Nassib welcomed me to his house, next door to the Institute and introduced me to his wife Hanan. Amazingly Hanan immediately recognized my name and spoke as if she knew me, and my family. It soon transpired that she lived in the same street I had lived in as a kid in Damascus. Hanan Bdeir was my neighbour 45 years ago. She had left Damascus in 1968 and came to Lebanon. She went to AUB where she met Nassib.
After some breakfast and coffee Nassib and I made our way to the Institute where Nassib introduced me to Reva, his trusted assistant at the Institute.

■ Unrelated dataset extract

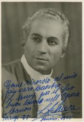 LIBERO DE LUCAPhotographie dédicacée. 17,57 x 12,4 cm. Dédicace en italien au Maestro L. Musy.

The Institute was founded in 1959 by Nassib’s mother, Mrs. Mounira Solh, to care for Nassib’s older brother Salim who was born disabled some years earlier, and who sadly passed away in 2001. Al Amal (Arabic for hope) Institute for the Disabled was the first centre to open in Lebanon and the entire Middle East for the mentally handicapped. Currently the institute has over 60 mentally handicapped adults residing at the centre in Brummana. Mrs. Mounira Solh, who is now 95, has passed on responsibility of the Institute to Nassib who is the Director General.
Nassib is far left
Nassib and Assistant Reva
The main program at the Institute is the “Kanzat Al Shita” or “Winter Sweater” program. This is a vocational training program for manufacturing sweaters. Other vocational training programs include culinary, laundry, gardening and home-care training. Those who are potentially educable are placed in programs suitable for their level in reading, writing, mathematics, etc.
Firas with Elie from Deir Al Ahmar
Firas, Elie, and Nisreen from Syria. In the back Sylvana with Ibrahim
The UNDP conference for People with Special Needs in Arab Countries in Cairo, May 2003, released that 12% of the population of Lebanon are either mentally handicapped, mentally ill or physically disabled, and that 80% of these live in rural areas and rely on charity while they can be trained to become productive.
In 2002 the Amal Institute for the Disabled celebrated their 10th Anniversary of the “Winter Sweater” program. In that period they produced 88,763 sweaters. These were sponsored by people from all over the world and donated to needy persons at 69 Welfare Centres spread all over Lebanon.
Staff and members of the Amal Institute for the Disabled meeting the President of Lebanon in 2005.
Presenting the President with a sweater marking the 100,000 sweater produced since 1992
The Welfare Centres are responsible for 16,461 orphans, 2,749 senior citizens, 1,674 people with special needs and 150 juvenile delinquents. They also employ 2,303 persons. A total of 23,337 people in need.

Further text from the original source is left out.